**PROBLEM DESCRIPTION:**
Print every line from the start of the data, and when you reach the line with "Escalera de aluminio", include it and stop. Pictures are not part of the copy.

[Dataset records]
----

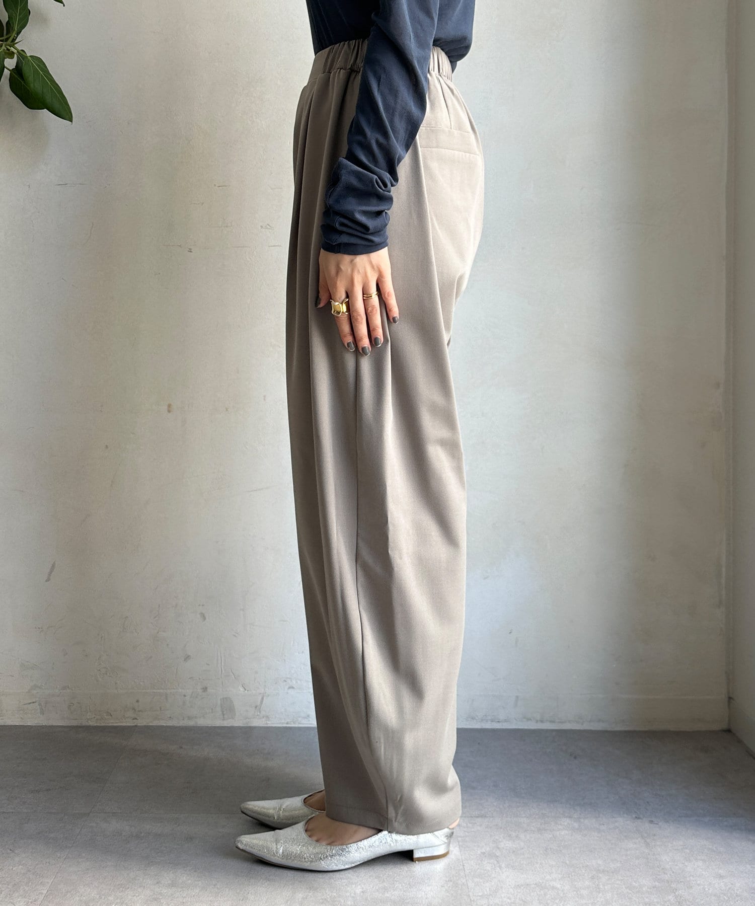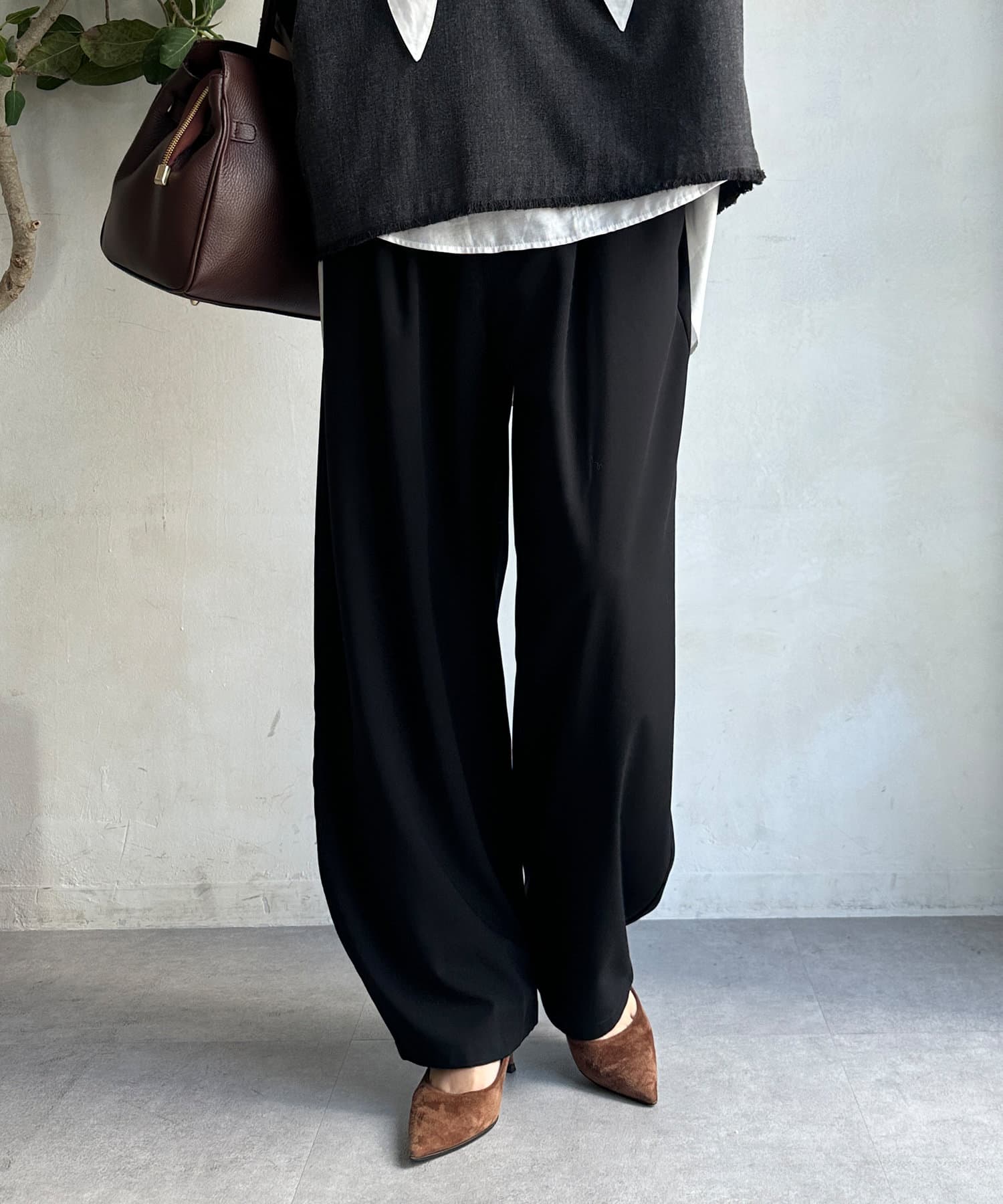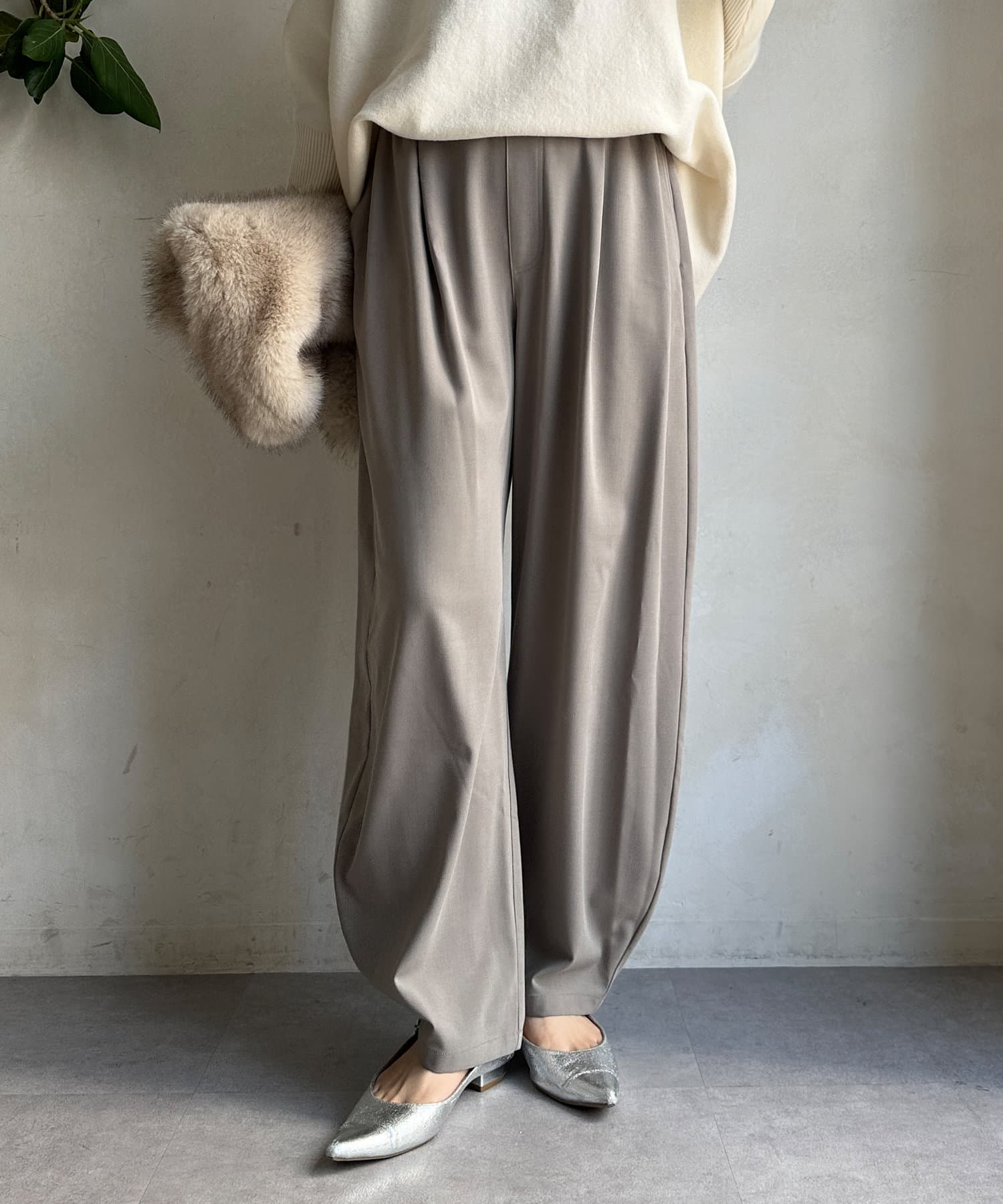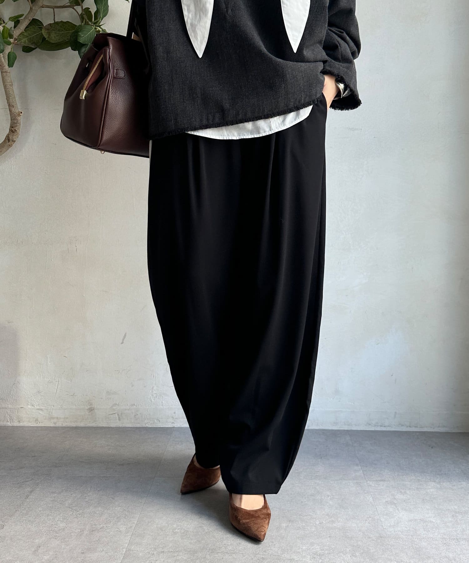 ヒップラインや脚のラインなど気になる部分をカバーしながら、裾にかけて細身になるシルエットに。
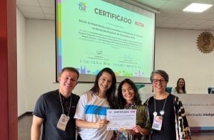 A apresentação do artigo foi realizada pela bolsista de Iniciação Científica Eduarda Miguel, representando a equipe composta pelas estudantes Lara Esteves e Mell Rocha; pela professora da Escola Estadual Delfim Moreira, Suelen Bonoto; e pelas professoras da UFJF Luciana Bruggiolo, Alessandreia Oliveira, Lorenza Moreno e Bárbara Quintela.
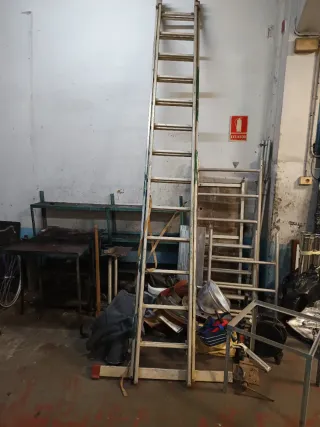 Escalera de aluminio de dos tramos. - Fabricada en aluminio. - Diseño de dos tramos para mayor alcance.
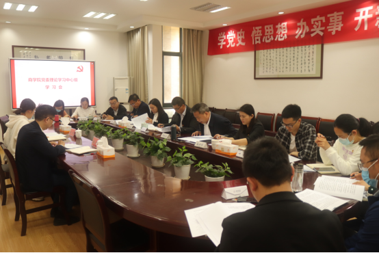 5月19日,商学院党委举办理论学习中心组研讨会,专题学习《习近平在庆祝中国共青团成立100周年大会上的重要讲话》。校党委委员、宣传部部长金松一行到会指导,学院班子成员、党委委员、党支部书记和分团委书记参加会议,学院党委书记周全宝主持。
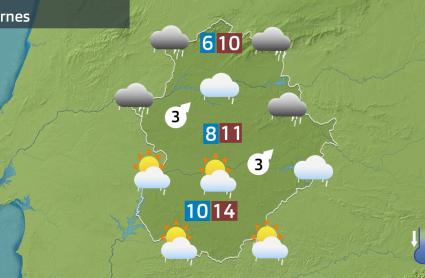 Así, la jornada del viernes comenzará con muchas nubes en la región, sobre todo en la provincia de Cáceres donde lloverá con ganas en las zonas de montaña. En la pacense se darán lloviznas, más probables en las sierras. Durante la tarde se abrirán algunos ratos de sol pero la posibilidad de precipitaciones se mantendrá. La cota de nieve bajará a los 1000 metros a últimas hora en Gredos y a los 1100 en las sierras del este. El viento será del sur y del suroeste.
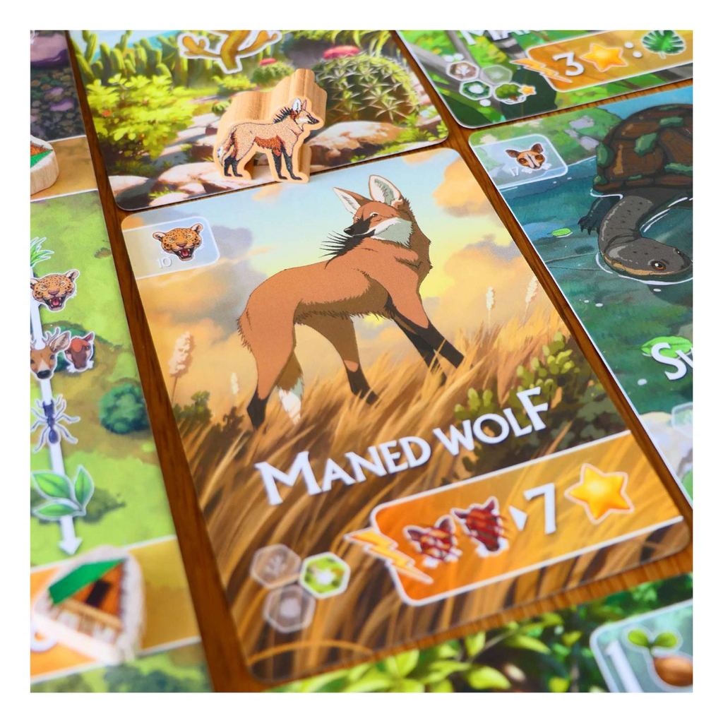 Rewild: South America is a unique, medium-weight, card-driven, engine-building board game for nature enthusiasts with a heart for wildlife that can be enjoyed in 45-60 minutes.
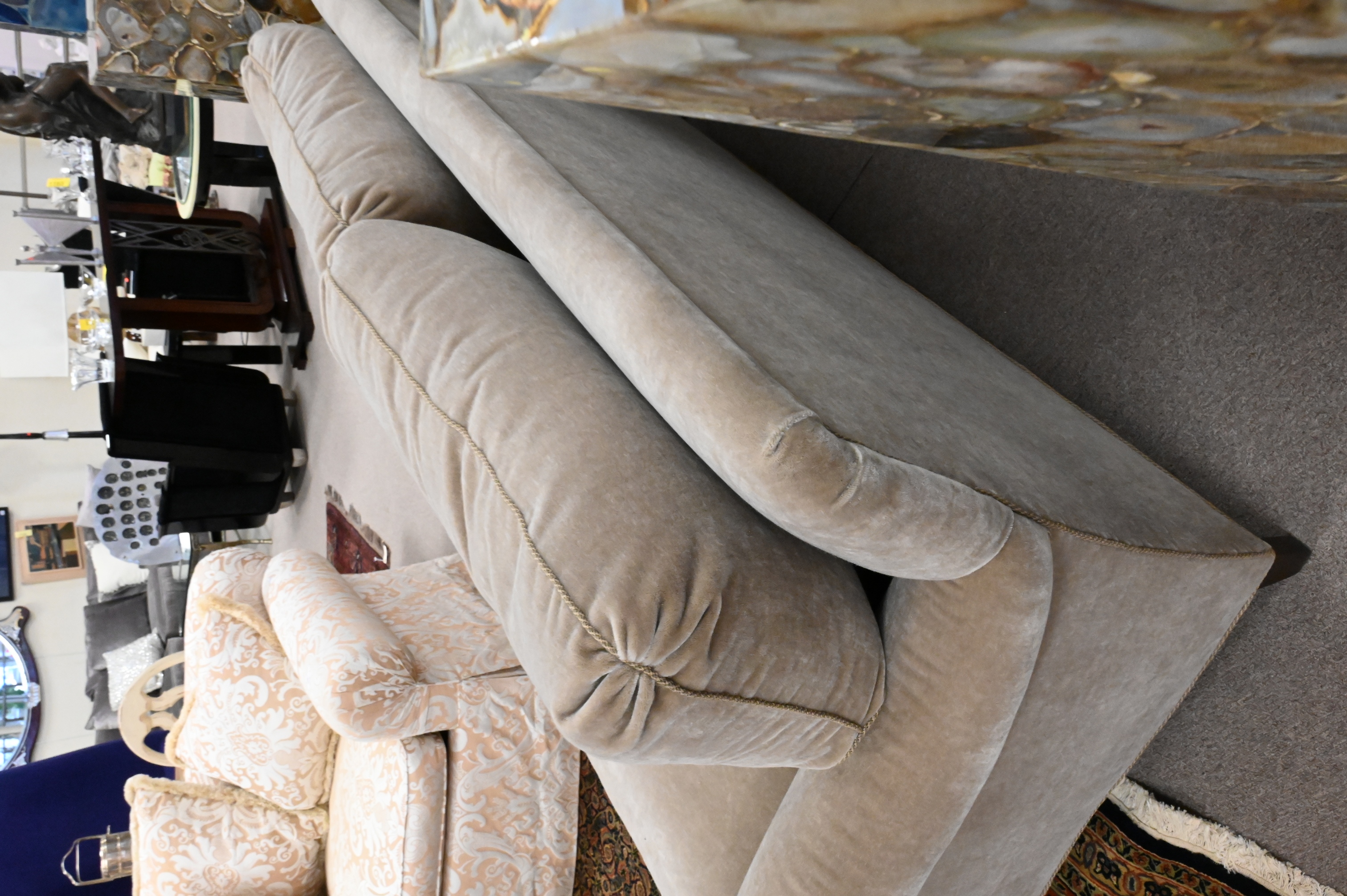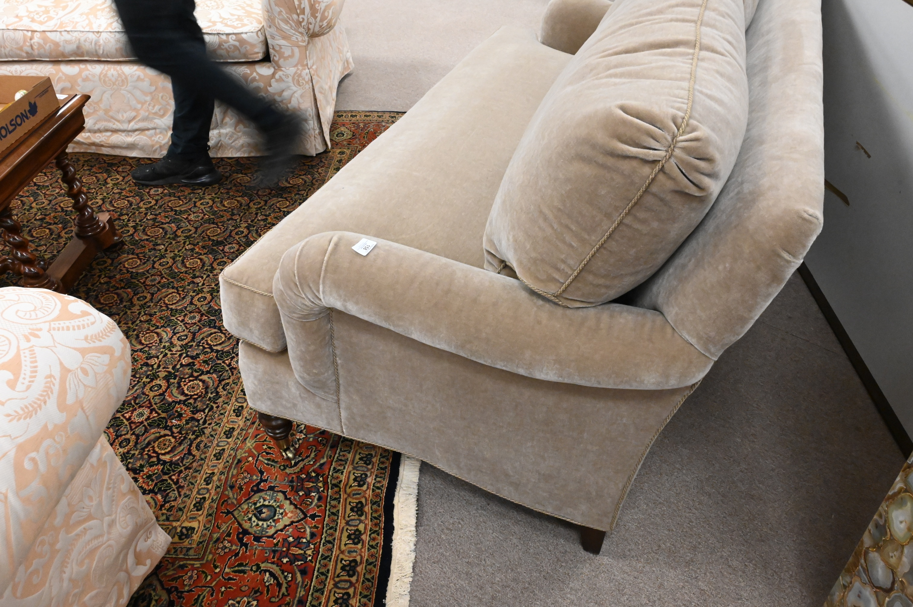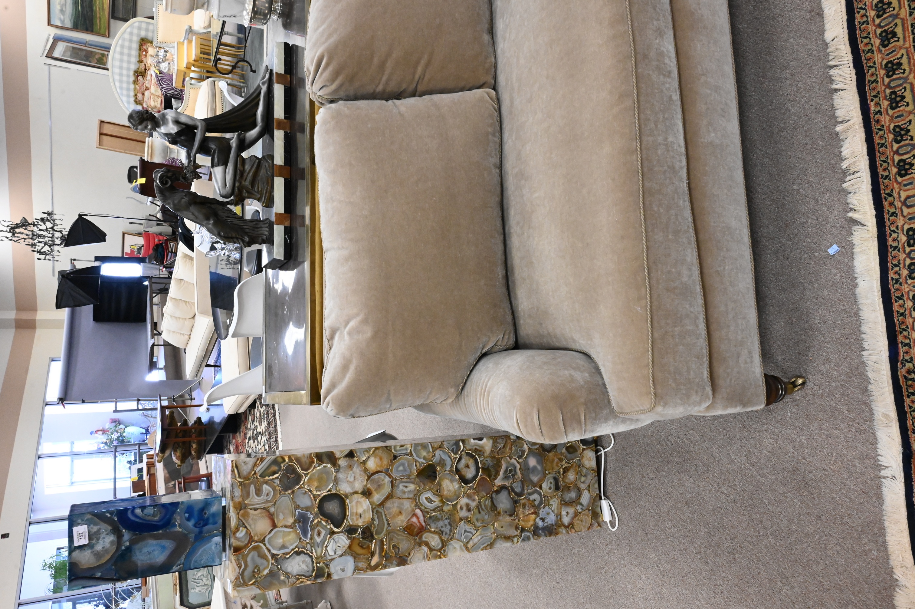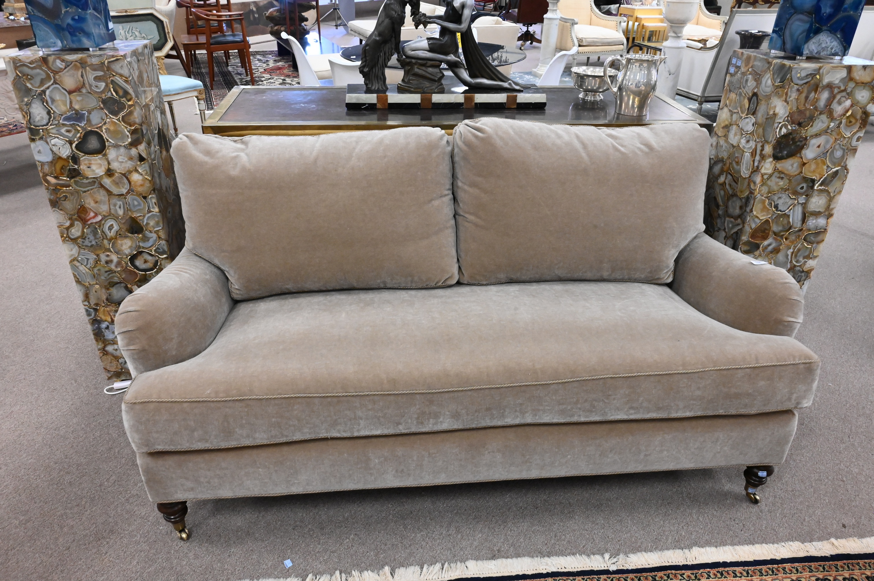 in down filled beige upholstery with two back cushions and single long seat cushion having rolled arms over turned wood and two brass caster feet
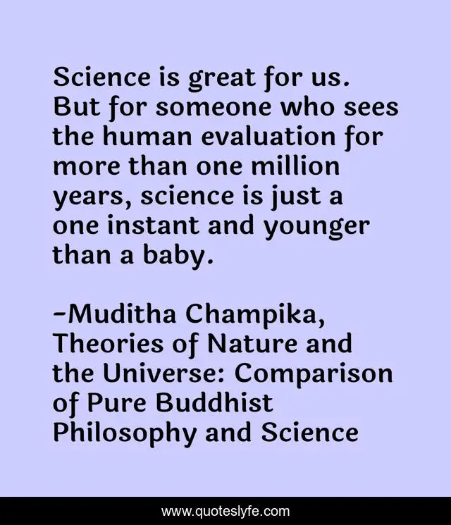This page presents the quote "Science is great for us. But for someone who sees the human evaluation for more than one million years, science is just a one instant and younger than a baby.". Author of this quote is Muditha Champika, Theories of Nature and the Universe: Comparison of Pure Buddhist Philosophy and Science. This quote is about beginning-of-the-universe, what-is-science, reality-of-life, big-picture, space, god, ultimate-reality, reality, out-of-the-box,.

----

**ANSWER TO THIS PROBLEM:**
 ヒップラインや脚のラインなど気になる部分をカバーしながら、裾にかけて細身になるシルエットに。
 A apresentação do artigo foi realizada pela bolsista de Iniciação Científica Eduarda Miguel, representando a equipe composta pelas estudantes Lara Esteves e Mell Rocha; pela professora da Escola Estadual Delfim Moreira, Suelen Bonoto; e pelas professoras da UFJF Luciana Bruggiolo, Alessandreia Oliveira, Lorenza Moreno e Bárbara Quintela.
 Escalera de aluminio de dos tramos. - Fabricada en aluminio. - Diseño de dos tramos para mayor alcance.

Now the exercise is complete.